Three typical lower tropospheric structures were observed during the aerosol profile measurements: coupled clouds, decoupled clouds, and statically stable cases (Figure 8a). Coupled, decoupled, and stable cases were observed on 18, 10, and 6 profile observations, respectively. Cloud-free conditions were observed during 4 stable cases (July 22 and 26), while 2 stable cases on July 27 showed low-level fog (see Section 5.3). Concerning that the lower tropospheric structure alters with the time that an air mass interacts with sea ice after advection (Tjernström et al., 2019), we attempt to relate them to the air mass history. The 5-day back trajectories were analyzed in terms of the average fraction of time each trajectory ensemble per balloon flight spent above ice-free (IF) areas, the marginal ice zone (MIZ), and the pack ice (PI) (Figure 8b). Note that RV Polarstern drifted mainly in PI areas for the time of the balloon measurements before entering the MIZ for July 26 and 27.

Figure 8.

Lower tropospheric structure and surface conditions during air mass history. (a) The thermal structure of the lower troposphere during the aerosol flights (ascent and descent) categorized into 3 commonly observed cases: coupled clouds, decoupled clouds, and stable cases with surface-based inversions. The magenta squares represent zi, and the blue bars show the cloud cover. (b) The average fraction of time that the air mass spent over ice-free areas (IF), the marginal ice zone (MIZ), and the pack ice (PI) during the past 5 days before arriving at RV Polarstern at the time of the aerosol flight. RV = research vessel.

Figure 8.

Lower tropospheric structure and surface conditions during air mass history. (a) The thermal structure of the lower troposphere during the aerosol flights (ascent and descent) categorized into 3 commonly observed cases: coupled clouds, decoupled clouds, and stable cases with surface-based inversions. The magenta squares represent zi, and the blue bars show the cloud cover. (b) The average fraction of time that the air mass spent over ice-free areas (IF), the marginal ice zone (MIZ), and the pack ice (PI) during the past 5 days before arriving at RV Polarstern at the time of the aerosol flight. RV = research vessel.

Close modal

In coupled cases, the clouds induced deeper turbulent mixing resulting in elevated values of zi at an average of 350 m, compared to the decoupled cases with shallow surface layers with a mean value of zi of 110 m. The atmosphere below zi was colder during cloud coupling than in the decoupled cases at an average T of −1.2°C and 0.3°C, respectively. Similarly, the surface-coupled clouds below zi were colder compared to the decoupled clouds. This result aligns with the findings by Shupe et al. (2013), who concluded that cloud-surface coupling is more likely to occur when the cloud layer is cold enough to enable mixing with the cold surface layer. In two of the decoupled cases (July 19 and 20), the cloud base was close to zi in contrast to the other cases of this category. The potential temperature profiles of the 2 cases showed a stable stratification with gradients of 0.012 and 0.008 K m−1 inside the clouds on July 19 and 20, respectively (Figure S9), thus suggesting insufficient cloud-driven turbulence to connect the cloud with the turbulent surface layer (Brooks et al., 2017). A recent study by Lonardi et al. (2023) suggests that turbulence driven by cloud-top radiative cooling in low-level Arctic clouds could be reduced by a second cloud layer aloft. This is consistent with the Cloudnet observations showing a second cloud layer at about 2 km on July 19 and a rather broken cloud with a main upper and lower layer on July 20.
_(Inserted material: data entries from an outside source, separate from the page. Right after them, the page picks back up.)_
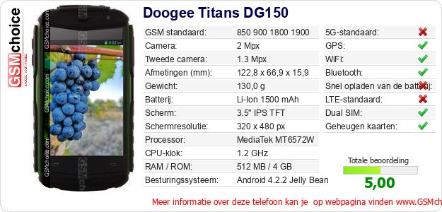 Gegevens van de telefoon Doogee Titans DG150 op jouw webpagina
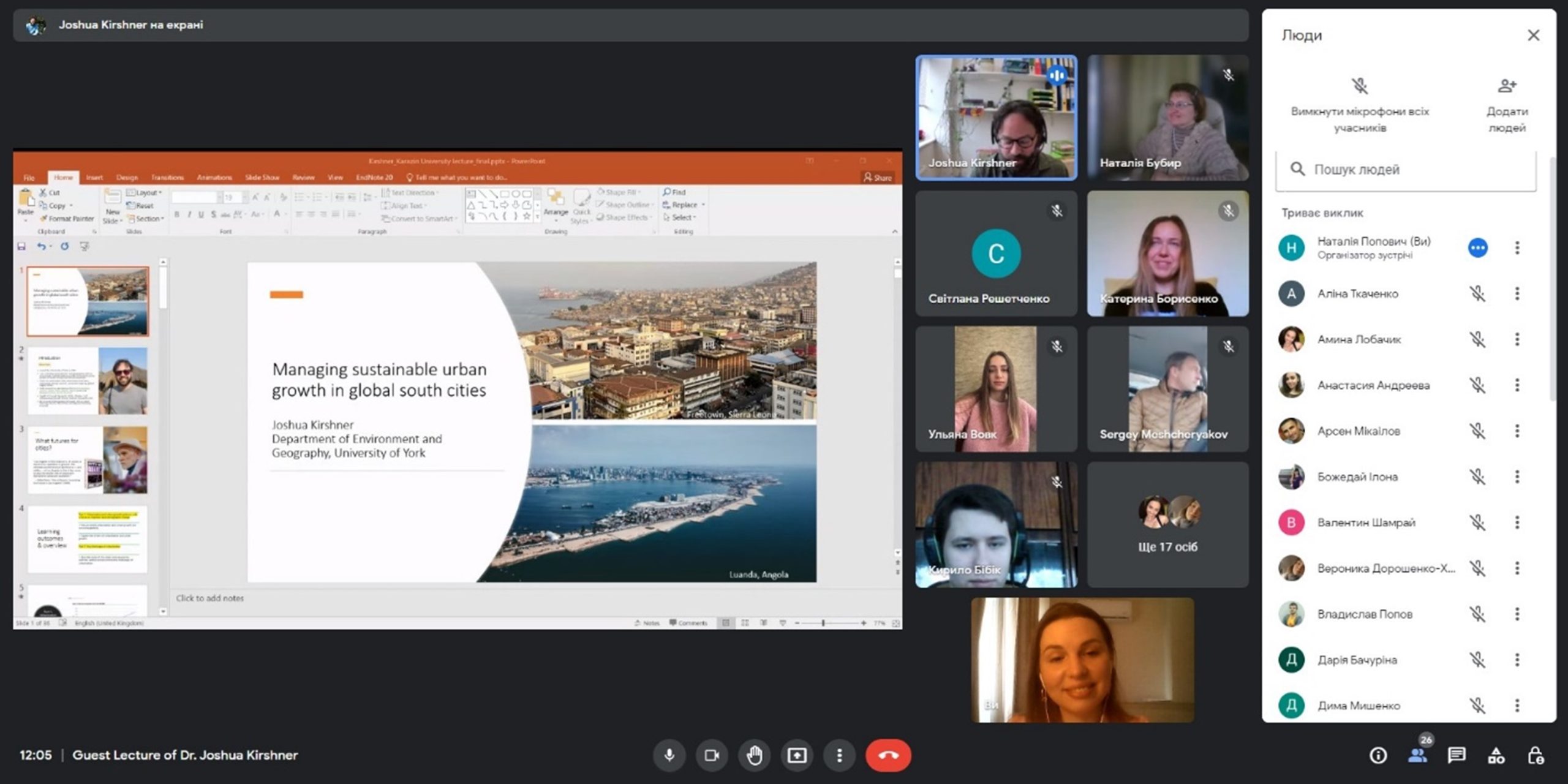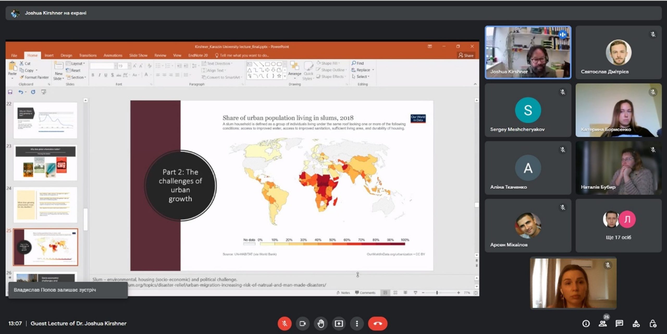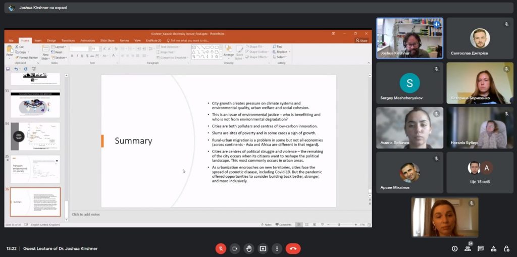 Dr Joshua Kirshner має широке коло професійних інтересів, значний досвід досліджень в Африці та Латинській Америці, зокрема в Мозамбіку, Південній Африці, Бразилії та Болівії. У його лекції на тему «Global Urbanism: Managing Urban Growth in Global South Cities» були розглянуті сучасні тенденції та виклики, з якими стикаються регіони світу через зростання кількості населення, урбанізаційні та міграційні процеси.
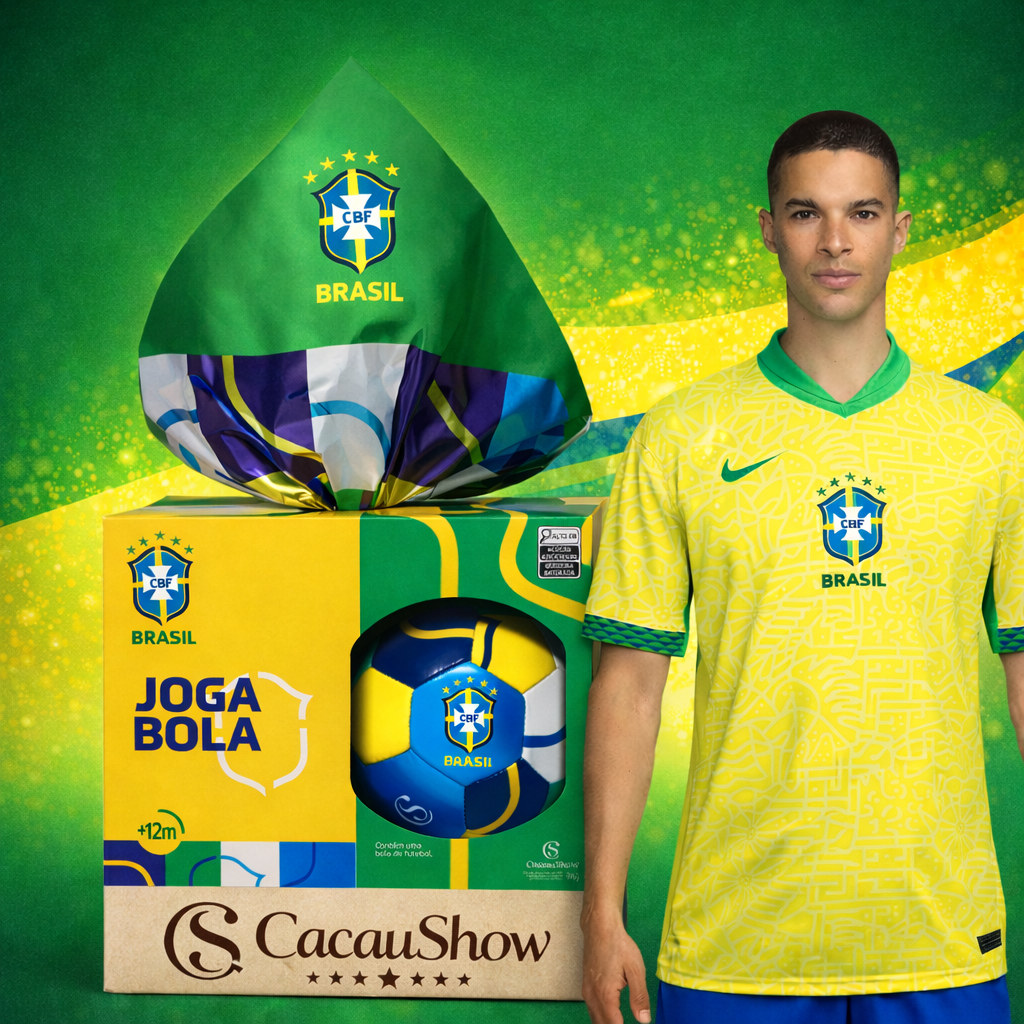 Ovo de Páscoa Cacau Show Bola CBF Hexa Seleção Brasil 170g + Camisa Nike Brasil I 2024/25 Torcedor Pro

In the presence of clouds, the back trajectory analysis indicated that the longer an air mass traveled over sea ice, the more likely it would be observed to be coupled to the surface. For coupled cases, the mean time air masses spent over sea ice (MIZ and PI) was 92 h. With an average time of 55 h over ice, decoupled cloud cases seemed to occur in rather early stages after air masses were advected over sea ice. However, the few observed cases can only provide a suggestion rather than support broader statistics.

The stable cases with a surface-based temperature inversion are mainly the result of warm air advection over the sea ice. However, different temperature profiles resulted from the time that the air masses spent over ice (see Section 6.4). Lower temperatures were observed on July 22 after the air mass cooled down during 115 h of travel over ice. This contrasted with the air mass that was recently advected over ice (12 h) on July 26 and 27.

Interestingly, the absence of clouds on July 22 and 26 probably did not result from a lack of moisture and/or aerosol particles as found by Loewe et al. (2017). The observed average r = 3.9 g kg−1 and N>150 = 12 cm−3 on July 22 were well in the range of other profiles with cloud cover and well above that on July 26 with 5.2 g kg−1 and 85 cm−3, respectively. In particular, the general conditions and profiles were very similar on July 26 and 27, but low-level fog was only formed on July 27. Perhaps the air did not cool down sufficiently on July 26 to cause condensation, or the fog had already formed before the air mass advected into the MIZ on July 27 but not on July 26.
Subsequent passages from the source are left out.